Perhaps hinting at the unpopularity of the internal investigation among News International journalists, the article goes on to note that two senior executives at the helm of the committee, Will Lewis and Simon Greenberg, “are said to dine at their desks on organic beetroot juice and quails’ eggs.”
It’s not just News International journalists who find the investigation worrisome. Geoffrey Robertson, the U.K.’s foremost media lawyer, told The Daily Beast last week that Murdoch had created an “ethical crisis” at his company. “To just allow these people to be given the names of all the confidential sources that the journalists have cultivated—this is a massive breach of the fundamental tenets of the ethics of journalism.” Britain’s National Union of Journalists has said it’s considering a legal challenge against News Corp. to question the legality of the management’s practices, and points to a prior ruling in the European Court of Human Rights case Goodwin v. UK that affirmed the importance of protection for journalistic sources.

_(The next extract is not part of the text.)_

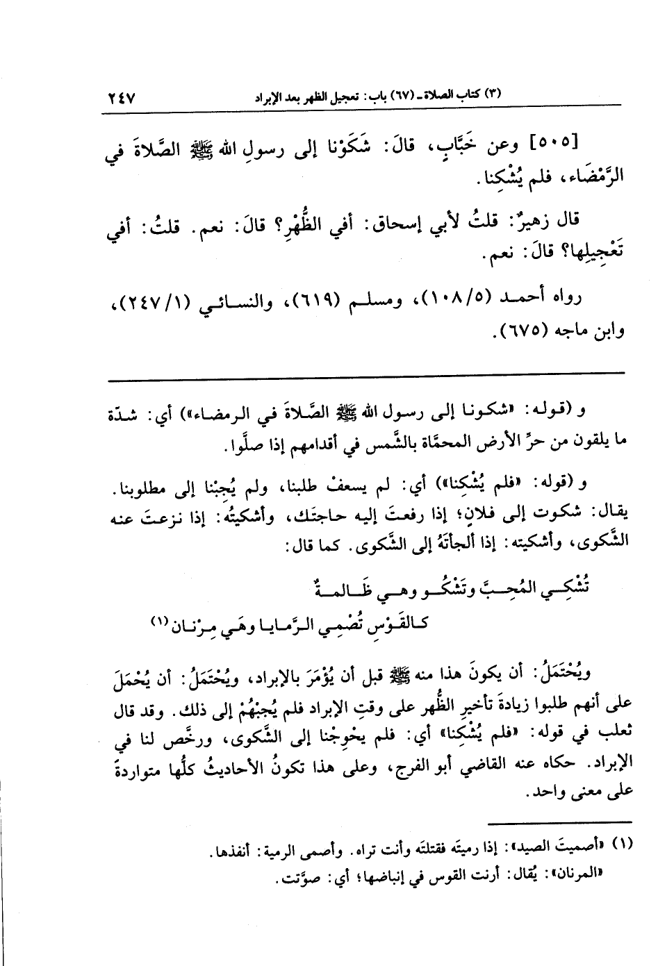 [505]- وعَن خَبَّابِ قَالَ: شَكَونَا إِلَى رَسُولِ اللَّهِ - صلى الله عليه وسلم - الصَّلاةَ فِي الرَّمضَاءِ فَلَم يُشكِنَا.

Undeterred, Murdoch has vowed that all evidence would continue to be turned over to police. And the investigation could run deeper still. When asked in 2003 before Parliament whether News of the World or The Sun had paid police for information, Rebekah Brooks—the former editor of both tabloids who went on to become CEO of News International—admitted that “we have paid the police for information in the past.” (Asked whether she would do it again, she replied, “It depends.”) Appearing at the same hearing as Brooks, David Cameron’s former communications chief Andy Coulson—then-editor of News of the World—interrupted to add, “we operate within the [press] code and within the law, and if there is a clear public interest, then we will.”
Meanwhile, the next stage of the Leveson inquiry, the high-profile public investigation into the phone-hacking scandal, will focus exclusively on the relationship between the press and police. It will start next Monday, the day after the much-anticipated release of the new Sun on Sunday.